Now it’s all destroyed by the lies of one ignorant fraud, whipping up a mob into a ridiculous frenzy. Even now the people who ran the sanctuary can’t come back — they’ve been threatened with death.

Ignorance isn’t just a passive failure. Ignorance topples and destroys the great things people build up.

The organizers are asking for donations — they’re hoping to rebuild.

International wiring account number for donations
Belize Bank # 630-1-1-10130
Account# Vince & Cherie Rose Fire Victim Account

Sharks don’t get cancer?

It’s a ridiculous myth that sharks have magical properties that prevent cancer, but it’s not true: sharks do get cancer. Furthermore, even if they did have low rates of cancer, grinding them up and powdering them and tossing them into your gut for chemical breakdown would no more cure your cancer than it would turn you into an unstoppable ferocious eating machine with gills.

Add them to the long list of species being exterminated on the altar of sympathetic magic.

Got throat cancer? You must not have been breathing right

Here’s a swami with his magic breathing advice for coping with throat cancer. How these guys can dispense bogus medical advice and not get lynched by angry cancer patients is a mystery.

At least he looks really goofy when he curls his tongue and breathes. Now if only there were some yogic enchantment that could do something about his creepy squink eye…

I thought this wasn’t supposed to happen?

Roy Peter Clark wrote a book about language which was savaged viciously on Language Log — in other words, the poor guy was publicly ridiculed and his work rudely trashed. He couldn’t possibly have learned anything from that, could he? He has a guest post now in which he describes his reaction.

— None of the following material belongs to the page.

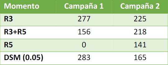 Asimismo, controles dobles (R3+R5), salvo excepciones, no tienden a mostrar ventajas significativas. El cuadro 1 muestra un ejemplo de la magnitud de respuestas según momento de aplicación de fungicidas en ensayos realizados en dos campañas en el centro de Buenos Aires.
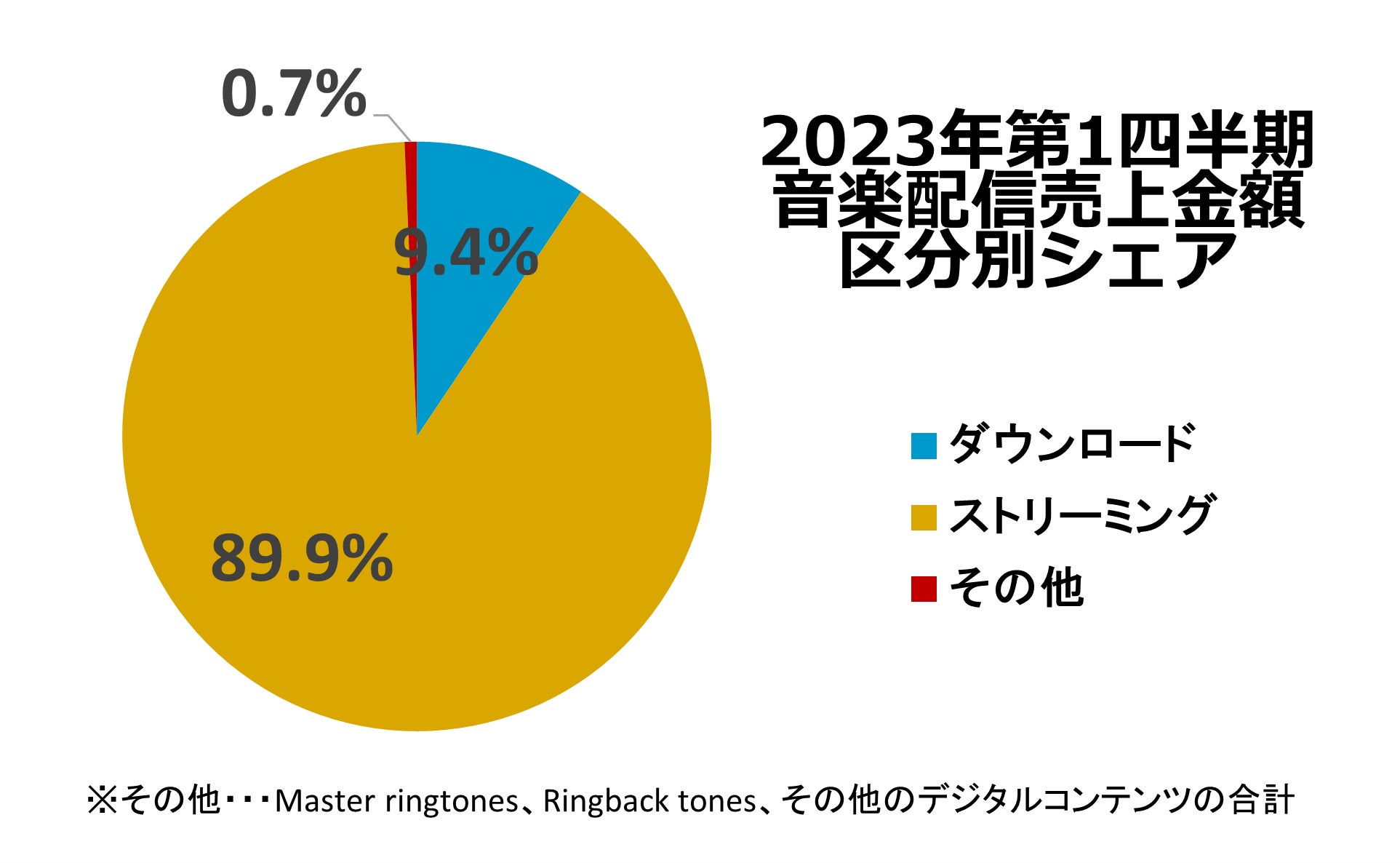 2023年第1四半期の音楽配信売上は前年同期比113%の283億900万円となりました。うち、ストリーミングは254億5,700万円と、音楽配信市場全体のほぼ9割にまでにシェアを拡大しています。

In brief, the criticism, some of it harsh and uninformed, helped me straighten out some crooked thinking about language, a process that resulted in the recent publication by Little, Brown of my book “The Glamour of Grammar: A Guide to the Magic and Mystery of Practical English.” On August 22, Ammon Shea gave the book high marks in the New York Times Book Review, calling it “very much a manual for the 21st century.”

I write this on Language Log not to tell you that my success has proved some of your commentary off the mark. Quite the contrary, I have often said now to friends and colleagues that had I not been roughed up by the Language Loggers, I could not have developed the muscle tone to write the book.

Hmm. Who would have thought that maybe the response to criticism was dependent on the attitude of the recipient? Oh, gosh. Me.